# Deer Crossing.



## hobbsy1010 (Jun 4, 2011)

Well just when you thought it was safe to go back out on the road!!! :-\

http://www.youtube.com/watch?feature=player_embedded&v=CI8UPHMzZm8

Hobbsy


----------



## einspänner (Sep 8, 2012)

Oh I so hope this a brilliant piece of satire and not further proof of poor US education. :-[


----------



## Ozkar (Jul 4, 2011)

I'd lean more towards inbreeding than a lack of education..............


----------



## R E McCraith (Nov 24, 2011)

Hob - LOL!!!!!!!!!LOL!!!!!!! - I agree with the lady - I only throw my trash out the window if the road does not have a NO LITTERING SIGN !!!!!!!!!!


----------



## einspänner (Sep 8, 2012)

Ozkar said:


> I'd lean more towards inbreeding than a lack of education..............


Oh ya, you betcha. You might be on to someting der. You have to take what you can get for a mate in North Dakota. It's about as populous as the Outback, dontcha know. 

Excuse me.
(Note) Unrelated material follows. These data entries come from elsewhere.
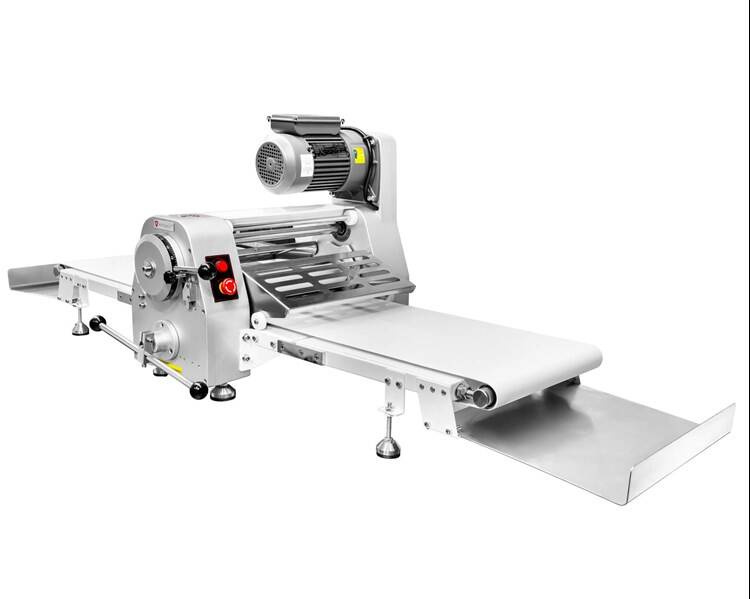 • Profesjonalna nastawna wałkowarka taśmowa, idealna do rozwałkowywania ciasta francuskiego, półfrancuskiego, pierogowego, kruchego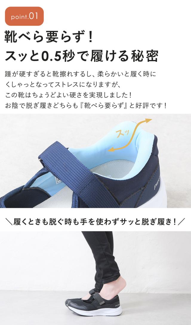 手を使わずに履ける靴 レディース 立ったまま履ける靴 ハンズフリー スニーカー 室内シューズ ストラップ マジックテープ 柔らかい 歩きやすい 立ち仕事 疲れない 履きやすい 軽い 室内履き 外履き 通勤 大きいサイズ 黒 ブラック 母の日 プレゼント
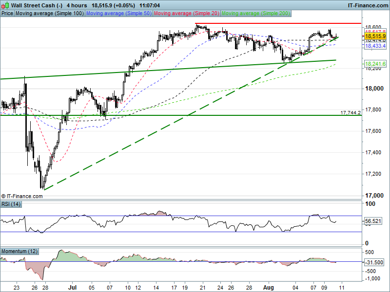 Dow Jones futures have bounced off rising support, however the 20-period moving average is currently a hurdle to northerly progress.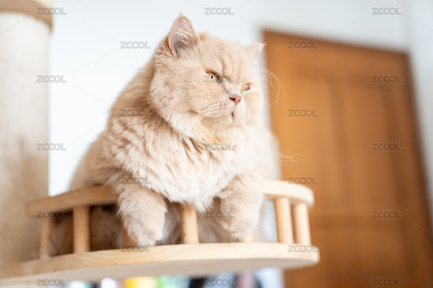 英国长毛猫趴在宠物猫爬架上晒太阳

I'm going to go watch Fargo now.


----------



## Ozkar (Jul 4, 2011)

hobbsy1010 said:


> Well just when you thought it was safe to go back out on the road!!! :-\
> 
> http://www.youtube.com/watch?feature=player_embedded&v=CI8UPHMzZm8
> 
> Hobbsy


Just so's you know Hobbsy.................the people in Oz who are like that all live in Tassie !!!   You can always tell a tasmanian Virgin, she can run faster than her brothers and her father!


----------



## datacan (May 15, 2011)

:-[ felt my IQ drop ten points just by watching the video. 

She I will probably have to label shoes ... Left, Right.


----------